Omega tylko na mnie prychnął i wrócił do oglądania. Wykorzystałem chwilę jego nieuwagi i to teraz ja miałem tą cenną dla chłopaka torbę.
- Oddawaj! To moje!
- Raczej moje, nie dałem ci tego mały złodzieju.
Odwróciłem się i miałem zamiar gdzieś je schować, ale poczułem jak ktoś rzuca się mi na plecy i wbił kły mi w kark, co jednak zabolało.
- Ała! Izuku, zgłupiałeś? Złaź ze mnie, bo nie dostaniesz nic i będę spał na kanapie.
Czułem jak przestał mnie gryźć i zszedł mi z pleców, spojrzałem na niego, a on patrzył na mnie wkurwiony i to bardzo.
- Nie dobry alfa! Nie mów nic dziś do mnie! Jestem na ciebie obrażony!
Wyszedł obrażony i poszedł do naszej sypialni. O matko, to jednak będzie ciężki dzień. Schowałem słodycze, zostawiłem tylko dwa batony na wierzchu, żeby już się tak na mnie nie gniewał i zabrałem się za przygotowanie śniadania.
Kiedy już miałem gotowy chleb w jajku (ja zawsze mówię jajko w chlebie 😂) to ułożyłem to na tacy, dałem jeszcze na nią te dwa batony, ketchup i dżem, bo kto wie z czym omega będzie chciał jeść, a i jeszcze jego ulubioną herbatę.
Poszedłem z tym do sypialni i wszedłem do środka. Izuku leżał w łóżku i grał na telefonie.
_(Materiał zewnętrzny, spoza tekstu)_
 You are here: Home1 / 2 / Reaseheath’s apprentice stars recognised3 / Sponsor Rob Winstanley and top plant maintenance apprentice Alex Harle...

Musiało mu się ewidentnie nudzić. Położyłem jedzenie przy nim, a on spojrzał i się od razu uśmiechnął.
Ooo robię postępy, Izu się uśmiecha podczas trzeciego dnia ruji, jest bardzo dobrze.
- Dziękuję! Smacznego!
Zadowolony zaczął jeść chlebek smarując go najpierw wiśniowym dżemem, a później na to ketchup, fuj (dla mnie pewnie dobre).
Pov. Izuku
Kacchan bardzo mnie wkurzył dziś zabierając mi słodkie, a później szantażując tym że będzie spać na kanapie, wiedząc dobrze że uwielbiam się w nocy do niego przytulać.
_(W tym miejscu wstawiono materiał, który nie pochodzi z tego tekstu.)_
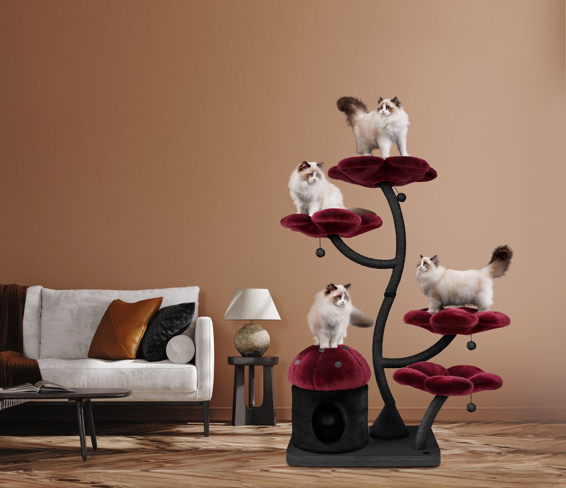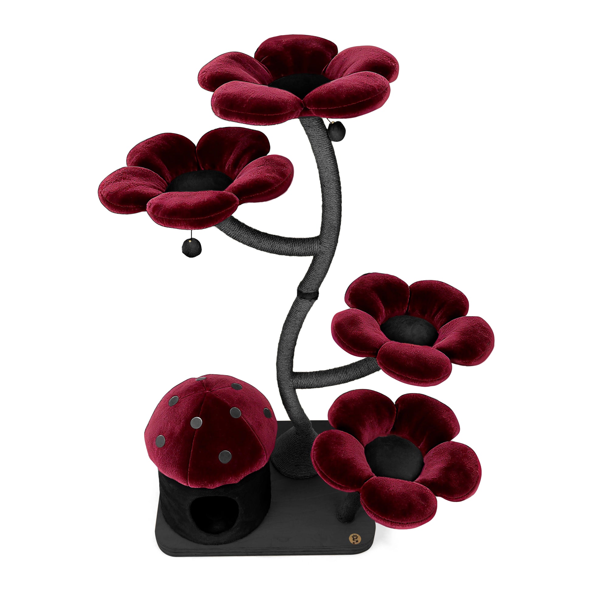 Features This unique floral cat tree comes with a firm base plate to assure the safety of your cat. It also comes with a sturdy and uniquely curved trunk wrapped entirely with sisal rope. This trunk connects the base to 4 luxurious flower beds which are the BIGGEST on the market, which offer space and comfort to all cats. Eden has a cozy and private mushroom house, and five dangly pom-pom toys with bells. This cat tree is suitable for cat resting, climbing, and playing — a great alternative for leaving your cat alone without having to worry about damaged furniture. We provide your cat with a sisal rope post for them to have fun while leaving your sofa and tiles free of scratches.

Na szczęście zrobił dobre jedzonko i dał chociaż dwa batoniki, nie ma co narzekać mógł nic nie dać. Humor poprawił mi się nawet przez to i nie byłem już tak zły jak wcześniej, ale to nie znaczy, że odpuszczę dziś Alfie.
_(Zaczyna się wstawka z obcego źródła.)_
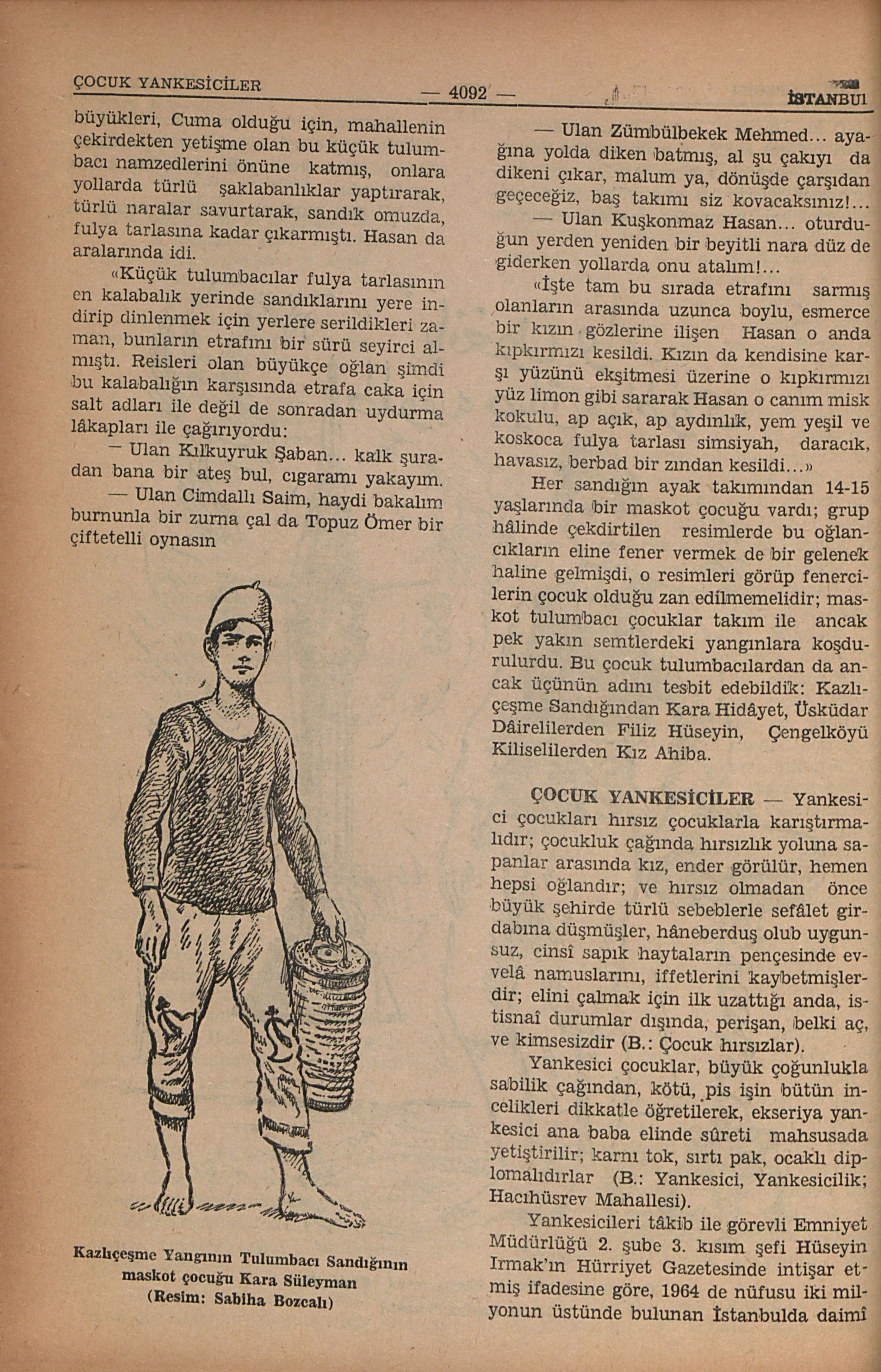 “Zeyneb Kemendi: Hacıhüsrev Mahallesinin yankesici kız çocuklarından; ondan fazla sabıkası vardır; Nuray Kemendi; yankesiciliğin bütün usullerini bilir, yirmi defa polisin eline geçmiş ve savcılığa sevkedilmişdir; Şengül Baldır: 7 yaşındadır, çok küçük olmasına rağmen çanta açmakta müthiş maharet edinmişdir; Yüksel Suna: 9 yaşındaki bu kız yeni suç işlemeye başlamışdır, iyi yetiştirilmiş, usta parmaklara sâhibdir: Hamiyet Seymener: yaşından umulmayan zekâya (kurnazlığa) sâhibdir; çocuk yankesicilerin en müdhişlerinden biridir; Muammer Çelikdağ: 11 yaşındaki bu oğlanın beş sabıkası vardır, yaman yankesicidir, yardımcı olarak çalışır” “Hürriyet Gazetesi 14 Şubat 1964)

Kiedy zjadłem kanapeczki to wziąłem się za batony i na koniec popiłem herbatką, zadowolony i najedzony położyłem się na łóżku i poklepałem miejsce obok siebie, by alfa się położył i tak też zrobił.
Wtuliłem się w blondyna i wdychałem jego zapach, sam też trochę wypuściłem swojego, bo czemu nie?
- Kacchan? Mam nadzieję, że jesteś przygotowany na jutro, tak?
- Mam całą szufladę zapełnioną gumkami jeśli o to ci chodzi
Mruknąłem cicho i wtuliłem się bardziej w chłopaka, bo zrobiło mi się zimno co zaczęło mnie denerwować i jakoś tak samo z siebie zacząłem cicho po warkiwać.
Alfa chyba zrozumiał o co chodzi bo od razu przykrył mnie kocem i przytulił, więc przestałem warczeć,na zacząłem mruczeć zadowolony.
Nawet nie wiem kiedy ale oczy mi się zamknęły i zasnąłem wtulony w bok blondyna.
Pov. Katsuki
Dopiero po jakieś godzinie zauważyłem, że Izu zasnął, więc delikatnie go od siebie odkleiłem, zabrałem tackę z pustym talerzem i kubkiem. Zszedłem do kuchni i zacząłem zmywać naczynia.
Kiedy skończyłem to wziąłem telefon i zadzwoniłem do Kirishimy. Ciekawe co mój dzieciak robi albo co już zrobił o czym jeszcze nie wiem.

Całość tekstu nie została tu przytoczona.